I am committing extensive wonkery while pointing out the limitations of the ways in which much science is done. But I want to emphasize, as I have before, that despite its problems the scientific enterprise does manage to muddle though over time to more and more accurate understanding of reality. When a community of experts has a high degree of consensus about an issue, you need a really strong reason to doubt them -- and some random nutjob on the Internet is not an example. The Covid-19 vaccines do not alter your DNA, they do not cause you to produce or shed virus, they do not make you magnetic, they do not contain microchips that allow Bill Gates to track your whereabouts . . . . They do protect you against serious illness, long term disability and death, they make you less likely to be infectious, and any adverse effects are either brief and mild, or extremely rare. And you should believe all that despite the criticisms I make about how clinical trials are often done. These particular trials were all done in the open, transparently, they are very large scale and very rigorously conducted. So believe it. Get vaccinated.
However, science has sometimes gone down weird and even very dangerous blind alleys. Phrenology, for example, and scientific racism. Most unfortunately for our present world, another pseudo-science continues to enjoy enormous prestige and is unquestioningly accepted by journalists and policy makers. That is the pseudo-science of economics.
There are honorable exceptions among people who hold faculty positions in economics, but the majority of such people are quacks. Economics is taught to college freshmen as follows:
- Promulgate a list of assumptions. None of these is actually true, and in fact a vast body of empirical evidence decisively shows that they are false.
- Play out elaborate fantasies of how the world would work if they were true, using mathematics to describe non-existent relationships among entities that do not exist.

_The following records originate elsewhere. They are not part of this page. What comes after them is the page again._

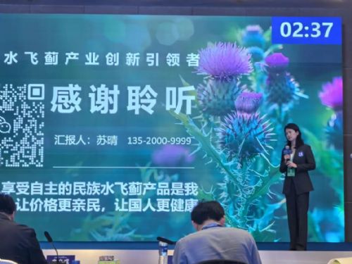作为辽宁丰瑞天成生物技术有限公司的代表,苏晴在农产品加工赛道上展示了“水飞蓟精深加工项目”。水飞蓟是辽宁重点发展的特色农产品,通过科技研发延伸产业链,项目实现了从传统种植到高附加值产品的跨越。路演中,苏晴以扎实的技术数据和清晰的商业模式,展现了辽宁在农业科技创新领域的探索成果,赢得评委高度认可。
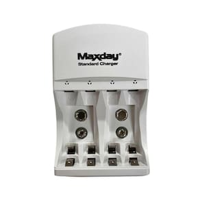 Pilhas: Pilhas de Niquel 1.2v AA Recarregáveis Características: Led vermelho indicando o processo de carga Input: AC100-240V 50/60Hz. Carrega 4 pilhas AA Ou 4 pilhas AAA Ou 2 bateria 9v Pilhas Recarregáveis Ni-MH 2800mAh 1.2v
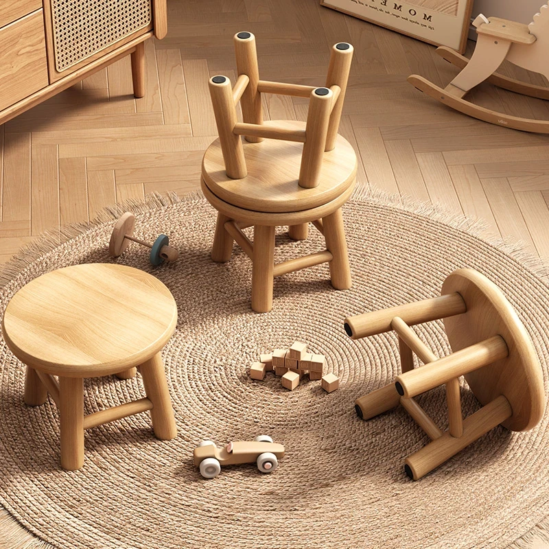 Solid Wood Oak Stool - Cute and Creative Thickened Low Round Chair for Kids - Ideal for Home Use as a Shoe Changing Bench
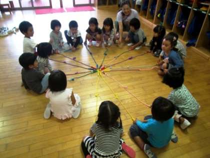 3歳児は,なわを持っていないので,安全に使えるなわ代わりのものを一緒につくり,使っています。
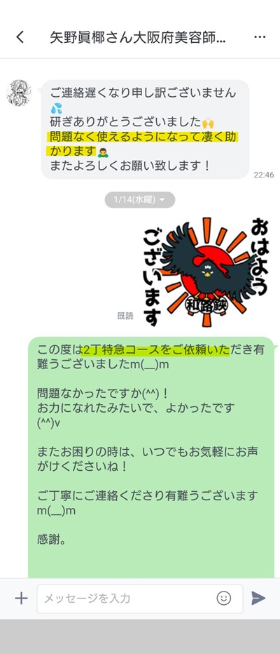 大阪府の美容師 矢野眞椰さんから嬉しいお言葉いただきました
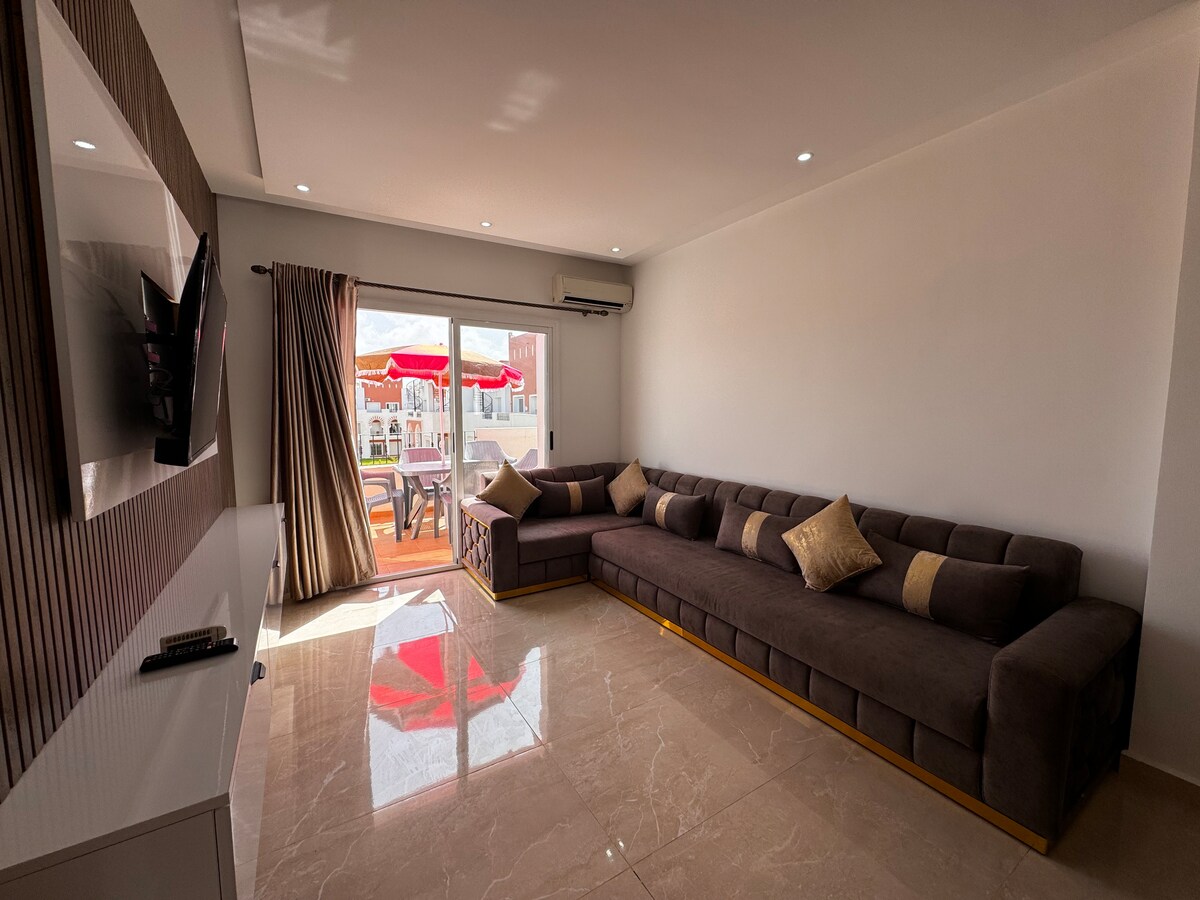 Super air-conditioned apartment in a private residence with swimming pool, security and free parking. The apartment has two facades, is bright and spacious facing the sea, and is composed of two bedrooms, 2 living rooms, 2 bathrooms, 2 balconies and located on the 1st floor. The large balcony equipped with table and chairs, with an unobstructed view of the garden and with a moderate view of the pool and a balcony with a table overlooking the garden. The apartment is located around Marjane Market and Golf, aqua park and 2 minutes from the beach
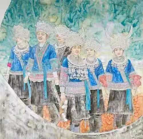 《苗家喜事多》表现苗家丰收的美好生活场景。入选中国美协举办“吉祥草原·丹青鹿城”全国中国画作品。
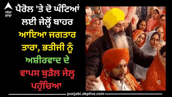 Jagtar Singh Tara released from jail: ਪੰਜਾਬ ਦੇ ਸਾਬਕਾ ਮੁੱਖ ਮੰਤਰੀ ਬੇਅੰਤ ਸਿੰਘ ਦੇ ਕਤਲ ਕੇਸ ਵਿੱਚ ਸਜ਼ਾ ਭੁਗਤ ਰਿਹਾ ਜਗਤਾਰ ਸਿੰਘ ਤਾਰਾ ਅੱਜ ਪੈਰੋਲ 'ਤੇ ਦੋ ਘੰਟਿਆਂ ਲਈ ਜੇਲ੍ਹ ਤੋਂ ਵਾਪਸ ਆਇਆ। ਤਾਰਾ ਨੂੰ ਹਾਈਕੋਰਟ ਨੇ ਭਤੀਜੀ ਦੇ ਵਿਆਹ ਵਿੱਚ ਸ਼ਾਮਲ ਹੋਣ ਲਈ ਦੋ ਘੰਟਿਆਂ ਦੀ ਪੈਰੋਲ ਦਿੱਤੀ ਸੀ। ਪੈਰੋਲ ਖ਼ਤਮ ਹੋਣ ਤੋਂ ਬਾਅਦ ਪੁਲਿਸ ਤਾਰਾ ਨੂੰ ਬੁੜੈਲ ਜੇਲ੍ਹ ਲੈ ਗਈ। ਤਾਰਾ ਨੂੰ ਪੰਜਾਬ ਤੇ ਹਰਿਆਣਾ ਹਾਈ ਕੋਰਟ ਨੇ 11 ਵਜੇ ਤੋਂ ਦੁਪਹਿਰ 1 ਵਜੇ ਤੱਕ ਪੈਰੋਲ ਦਿੱਤੀ ਸੀ।
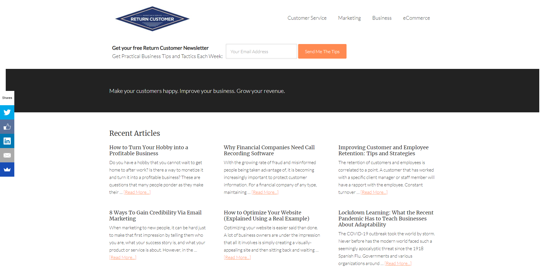 Return Customer is an online source of examples from everyday life and the news of how to attract and retain valuable customers.
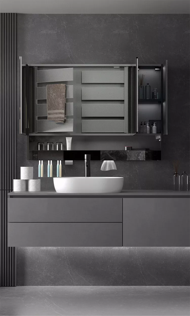 Come pioniere della vita del grafene, Meshow sostiene il concetto di "nuovi materiali, nuove tecnologie e nuova vita". Questo mobile a specchio da bagno intelligente di grafene è personalizzato. Il prodotto utilizza la fusoliera in lega, la spruzzatura multistrato, la fusoliera è resistente e a prova di ruggine. Lo specchio del mobile a specchio è dotato di uno schermo per il display touch a specchio e un chip intelligente. Può completare il controllo multifunzionale e l'intrattenimento audiovisivo sullo schermo. App di download personalizzato. Il prodotto ha funzioni ricche. Tutti i modelli sono dotati di striscia di luce LED standard, macchina di spremitura automatica del dentifricio, rack drenante tazza di dente, tazza di dente spazzolino dispositivo di disinfezione ultravioletto e dispositivo di disinfezione a rasoio. Raccolto di asciugamani di riscaldamento e asciugatura di grafene, disinfettante per le mani inducenti, sistema di fragranze intelligenti e sistema di purificazione dell'aria.

- Forget that the assumptions are false and go on to explore every more elaborate mathematical fantasies as you progress in your "education."
Economics professors are paid much higher salaries than professors in other departments. They often have endowed chairs and sit on high level government advisory councils, get appointed to powerful offices, and are talking heads on TV. The reason for this, despite that they spout utter nonsense, is that their ideology is very comforting to wealthy people and justifies the kinds of policies that let them get richer and richer while screwing over everybody else. That's economics 101! (As George W. Bush loved to say.)
I have systematically deconstructed this pseudo-science in the past, as more and more people who do hold the title of professor of economics are also doing nowadays. That's good news, but it hasn't made much of a dent yet in the cultural authority of this quackery. I interject this cautionary note because it seems to fit with what I am doing now, but I won't explore it in more depth unless by popular demand.
Shorter version: Or, as I remarked to a fellow student as we were waiting to take our qualifying exam in economics, "It's a vast edifice of bullshit erected on a foundation of sand." He agreed.